Они были неодеты, ни на одном из них не было даже маек. На том, что стоял на ногах, оставались штаны, приспущенные до колен. Он пытался нащупать их левой рукой, хватая пальцами воздух, а правую запустил в жесткие волосы.
Я не мог бы сказать с уверенностью, видит он меня или перед его слипающимися глазами все еще стоит туман.
Он выглядел так, словно кто-то ночью выковырял у него глазные яблоки и запихал на их место спелые сливы. Не очень красиво, если смотреть со стороны. Но изнутри наверняка было еще хуже.
Второй стоял на коленях, пальцами ног, коленями и ладонями в мелких осколках стекла.
Он посмотрел на меня непонимающим взглядом, и только боль, причину и местоположение которой он не мог определить, помешала ему начать блевать.
Я подошел к ним, не опуская пистолета. Я мог бы прикончить обоих еще с порога, и даже голубь на окне снаружи не отличил бы щелчок пистолета с глушителем от скрипа старой лестницы.
Но я человек миролюбивый.
Тот, что стоял на ногах, открывал рот, чтобы заговорить. Я схватил его за горло левой рукой, помешав произнести хотя бы звук. Потом я распрямил руку и ударил его затылком о стену. Звук получился громким, и я понял, что мой новый знакомец отключился.
Я разбудил его, это верно, но я же и помог ему продолжить утренний отдых.
По-моему, это справедливо.
Тот, что стоял на коленях возле кровати, зашевелился. Франсуаз решительно вошла в комнату и походя ударила его носком ботинка.

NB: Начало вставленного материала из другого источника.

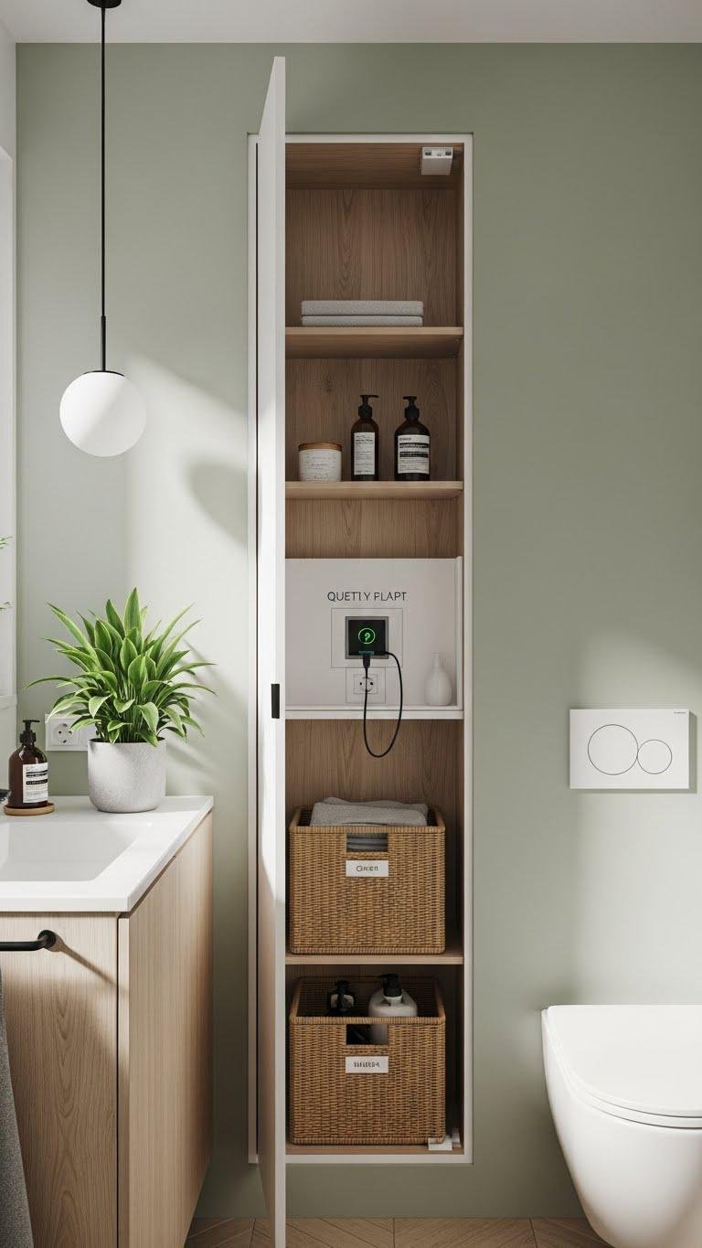 Greenery and open sightlines set a calm scene, but small bathrooms still need smart storage to keep that spa-like look. Recessed cabinets hide cords and products, creating a clean silhouette.

Он как-то весело хрюкнул и упал лицом в осколки.
– Люблю радовать людей по утрам, – сказала Франсуаз. – А ты, ублюдок, нажрался, как свинья.
Она распахнула следующую дверь ударом ноги.
Овен стоял у кровати совершенно голый, в правой руке он держал свой револьвер.
Этот тип не собирался меняться.
– Брось пушку, недоносок, – приказала моя партнерша.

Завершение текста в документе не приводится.